Fixes Azure/azure-functions-durable-extension#3022.
Fixes #802.

Sometimes a duplicate message for an execution that is already finished is received late, when this execution is already completed. For example, this can happen when a message is in fact processed, but the worker failed to remove it from the queue for any reason, so the message automatically reappears in the queue later, potentially when the execution is already finished. In most cases, this is not a problem, and this message will eventually be discarded without any negative consequences. However, here is a sequence of events that leads to a stuck orchestration:

  1. A TaskScheduled message is delivered to a worker and the worker that starts executing an activity.
  2. After successfully executing an activity, the worker fails to remove the TaskScheduled message from the queue, but the orchestration continues.
  3. The activity returns a large amount of data (>~45K).
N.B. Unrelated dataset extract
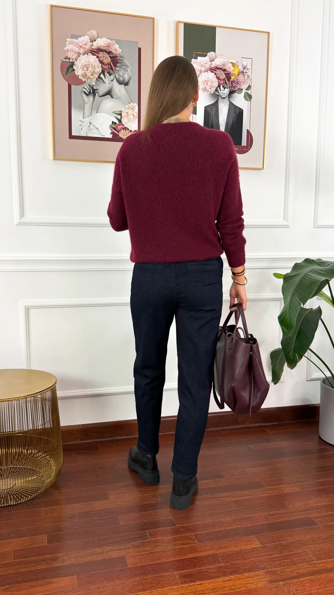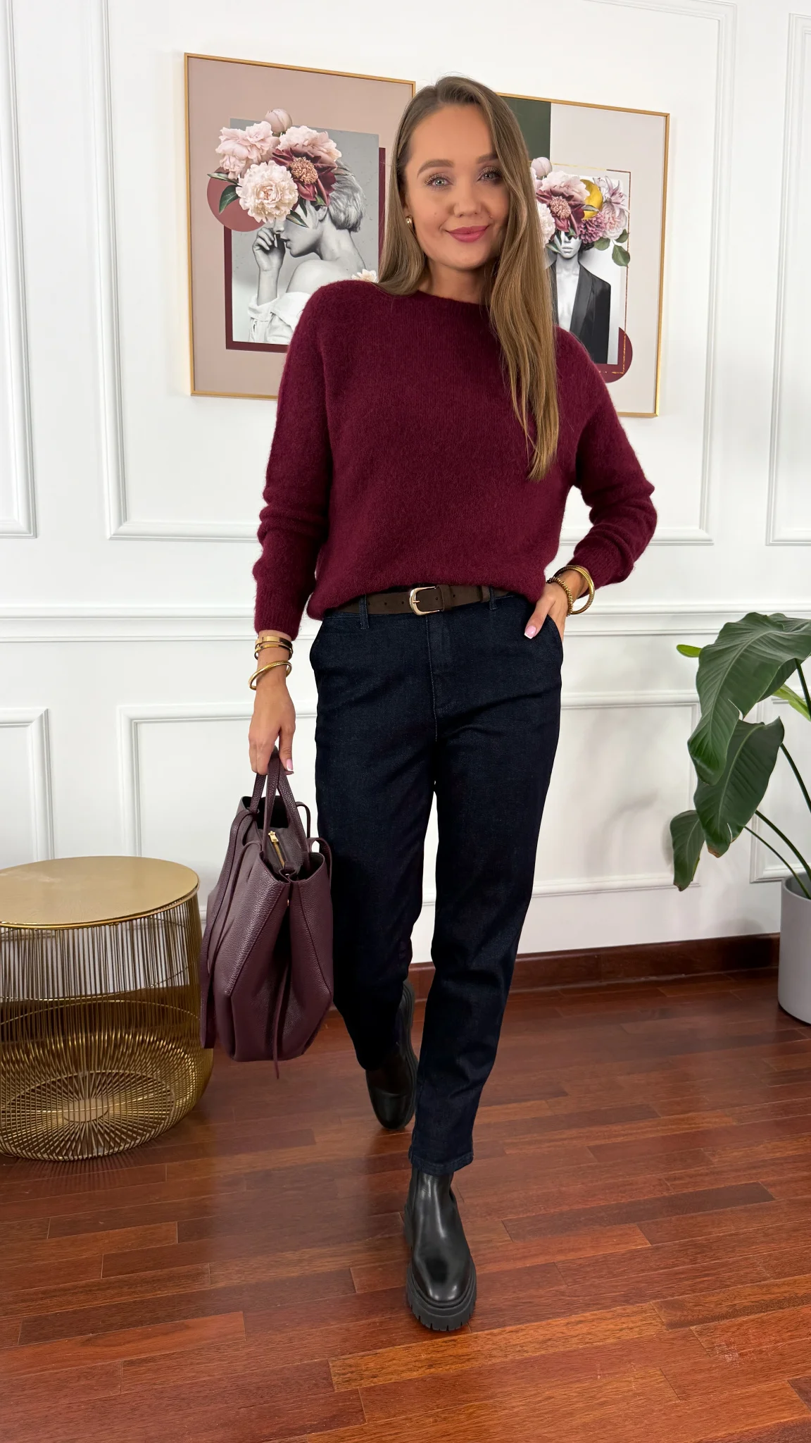 Model sprawdzi się na sylwetkę od XS do L. Dzianinowy sweter na długi rękaw z okrągłym dekoltem. Dół swetra oraz rękawki zakończone są ściągaczem. Sweter jest niezwykle przyjemny w dotyku.

This data is stored in a blob, and the history table entry contains a reference to this blob.
  4. Eventually, the TaskScheduled message reappears in the queue and is eventually picked up by a worker. The worker starts executing the activity again (which is fine because Durable Tasks guarantee at-least-once execution, but not exactly-once).
  5. In the meantime, the orchestrator function invokes ContinueAsNew. As a result, all the blobs for the previous execution are deleted (but the history table entries remain).
  6. Eventually, the worker finishes the second activity execution and produces a TaskCompleted message, which is eventually picked up.
  7. This TaskCompleted message has the previous execution id, so the worker tries to load the history for that execution id. However, all the blobs are missing. The worker repeatedly tries to retrieve the blobs, hitting the same error, and making no progress on the orchestration anymore. The orchestration is stuck indefinitely for no good reason.

This PR addresses the problem by making the history retrieval logic rely on the execution ID recorded in the sentinel row and skip history entries for different execution IDs, so there will be no attempt to retrieve missing blobs or interpret these history entries in any other way.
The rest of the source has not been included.